Tuesday, January 31, 2006

Celebrate Good Times, C'mon!

Hoorah! Alito's in. I propose all we XX chromosomers go out, get knocked up, and have abortions while we still can.

Hot Men of the Oral Tradition

"Now I got the gun - you got the brew
You got two choices of what you can do
It's not a tough decision as you can see
I can blow you away or you can ride with me" I said, I'll ride with you if you
can get me to the border
The sheriff's after me for what I did to his daughter
I did it like this - I did it like that
I did it with a whiffleball bat
So I'm on the run - the cop's got my gun
And right about now - it's time to have some fun
The King Adrock - that is my name
And I know the fly spot where they got the champagne."

(It's really all about the guy in the middle.)

Monday, January 30, 2006

Hot Men of Letters



On with the dance!
Let Joy be unconfined,
No sleep till morn,
When youth & pleasure meet
to chase the glowing hour
with flying feet.

-(George Gordon) Lord Byron

Saturday, January 28, 2006

Certaines femmes vampires ne se nourrissent pas de sang



'76, such a year for cinema! But then, anything's good with Udo Kier.

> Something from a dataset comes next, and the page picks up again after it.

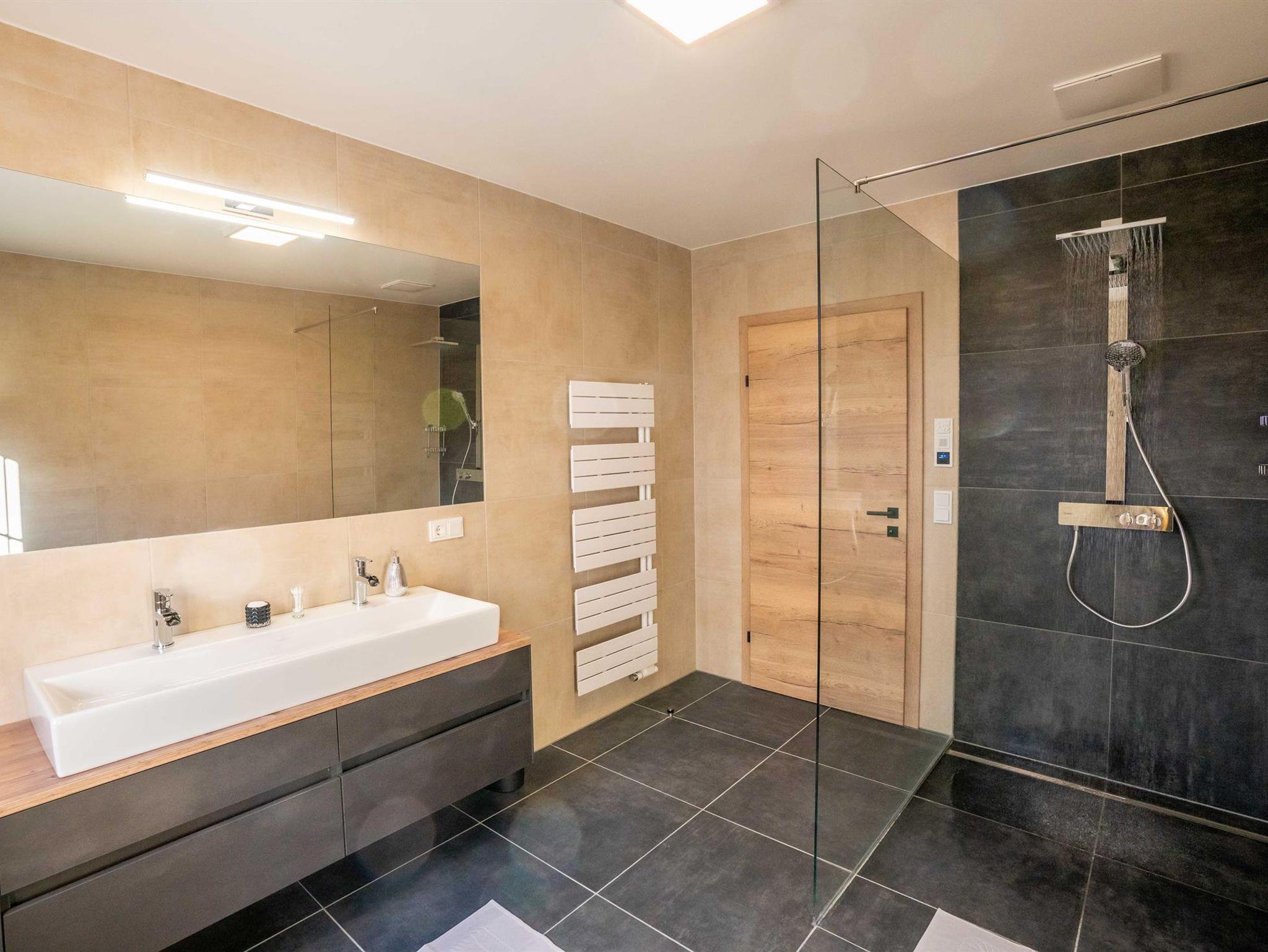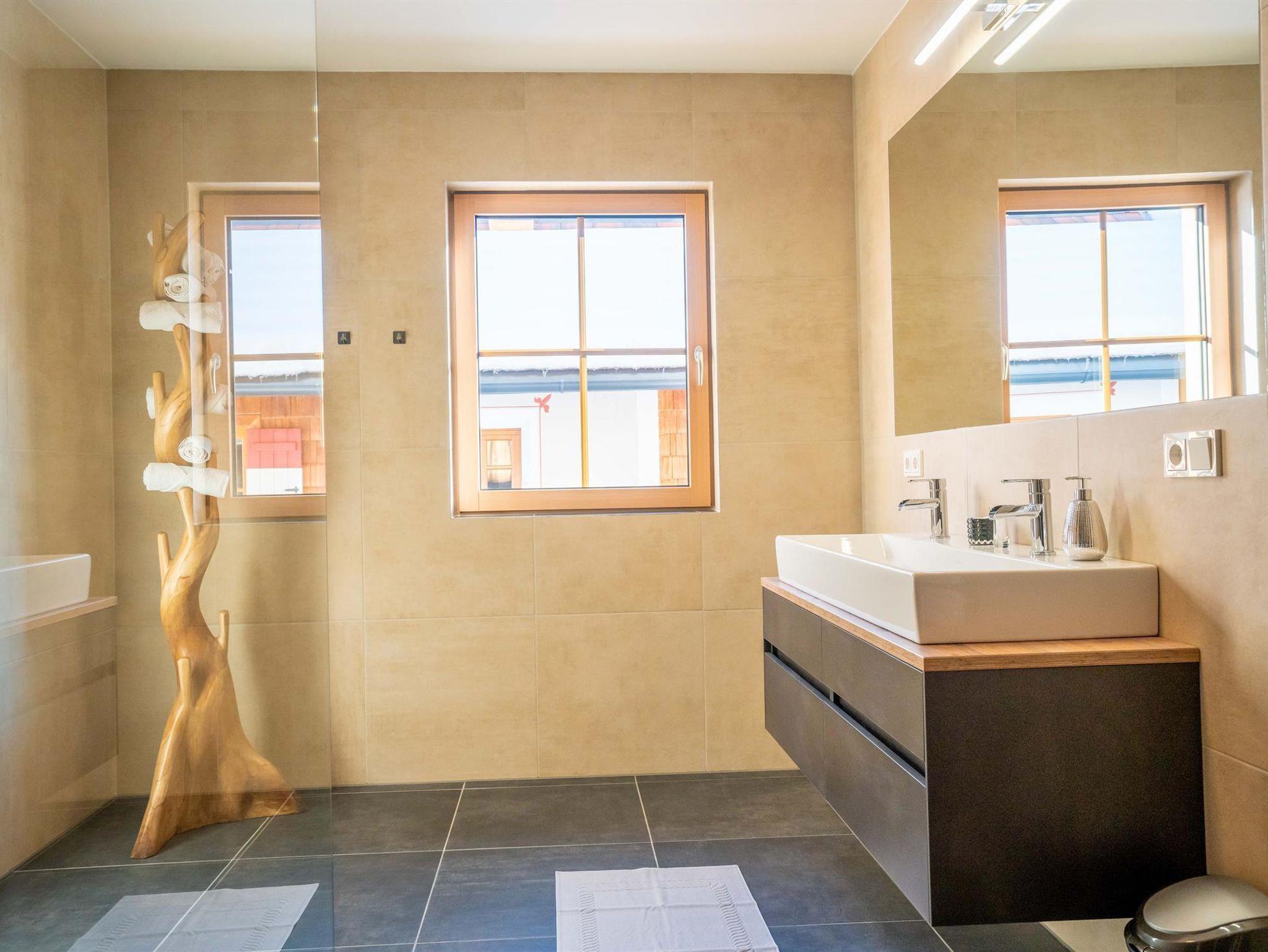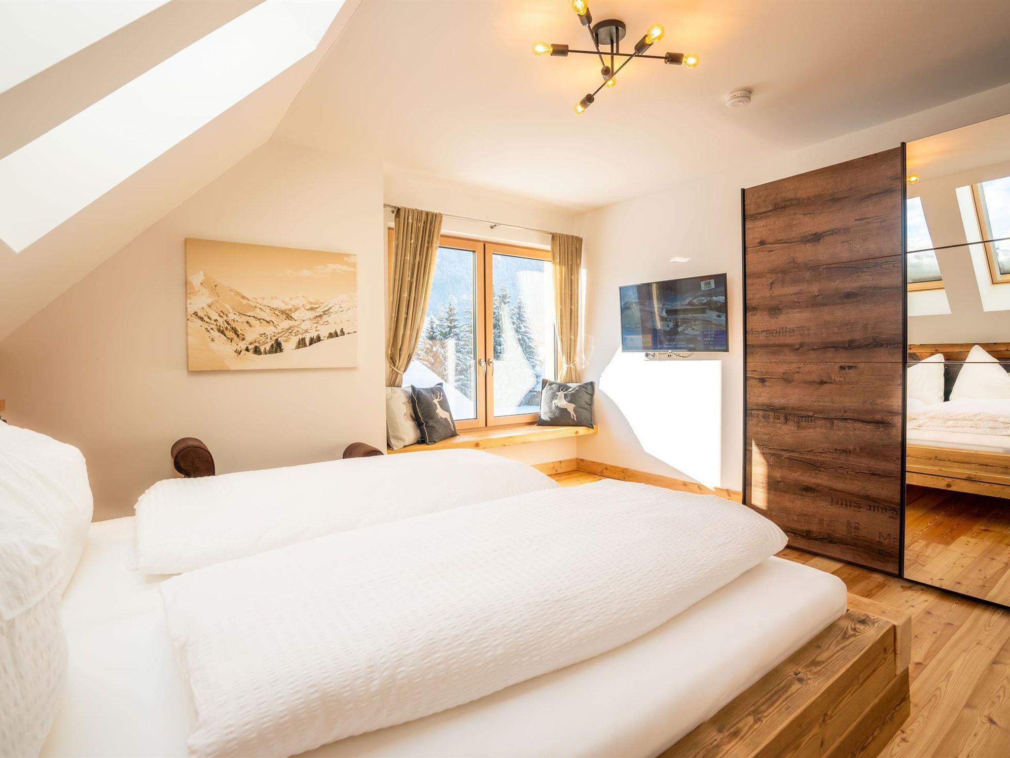 Unser südseitig gelegenes Appartement bietet auf 105 m2 Platz für insgesamt 6 Personen in 3 Schlafzimmern. Ein großzügiges Bad mit Bodenheizung und zwei separate WC-Räume sowie ein großer, modern ausgestatteter Koch-, Wohn- und Essbereich mit Balkon und Bergblick runden die südliche Ferienwohnung ab.

Thursday, January 26, 2006

Wax On, Wax Off

Pat Morita is alive and well and working at the Hollywood Home Depot. Reports of his death have been greatly exaggerated. I saw Arnold/Mr. Miyagi just this Monday, as I was buying lumber (among other jobs I do some carpentry. We might delve into my apprenticeship as a fine home builder some time in the future. I do have some good construction site stories), and waiting in those interminable lines. I truly abhor that place, though sometimes I'm forced to go. Better to give your money to the mom & pop hardware stores. Unfortunately lumber yards seem only to come in chains.

But anyway, as much as I love hardware stores (though not nearly so much as trains), the point of this is supposed to be that there is still time for a Karate Kid V.

Tuesday, January 24, 2006

More Groping & Some Griping

Evidently (I'm too fond of that word) I'm at a rather high risk for breast cancer, so my mother informs me after drilling her oncologist. Great.
Primary factors (not necessarily in order of importance):
1) family inheritance (mom and grandma have had it)
2) used The Pill (this one pisses me off, because every time I refilled that prescription I asked those medical bastards what the latest study said, or what the current thinking was. I always got the same response: "You don't smoke, you're fine.)
3) never been married
4) never been pregnant
5) never nursed a baby

Well fuck all y'all, because it is not fair that I should have to live my life with smallish tits and then have to worry about potentially having some or all of it carved away.
Furthermore, I am not knocked up or betrothed because I didn't want to be. I've wanted a passel of little babies since I was old enough to know what one was.

Shit.

Here's the good news:
1) Out of sheer suspiciousness, I took myself off The Pill
2) My granny survived, and mother probably will too
3) I take really good care of my body - my diet is much better than either of the aforementioned ladies, and I exercise regularly.
4) I haven't been on those evil estrogen replacement hormones like they gave my mom when she hit menopause.
5) yoga
6) I rarely drink, and I don't smoke.

HERE'S the REALLY Good News:

I had this conversation with my friend, Scott:

Scott: But you do self-examination regularly, right?
Me: No. I should, but I'm bad about it. Besides, it's just so gay (not sure what I mean there), feeling yourself up like that. (which is an ironic statement coming from me, on so many levels.)
Scott: Well, I'll do that for you.
Me: Really? That's SO generous of you.

(pause)

Me: But that won't work, Scott. Because that requires a COMMITMENT.
Scott: Oh. Well, I can do that, I can feel your tits for you once a month.

(pause)

Scott: I care.

Monday, January 23, 2006

Sunday, January 22, 2006

The Drunkenness of Scott

After bowling a strike, and in an exultant gesture of victory, he grabs the girl and her nether-regions.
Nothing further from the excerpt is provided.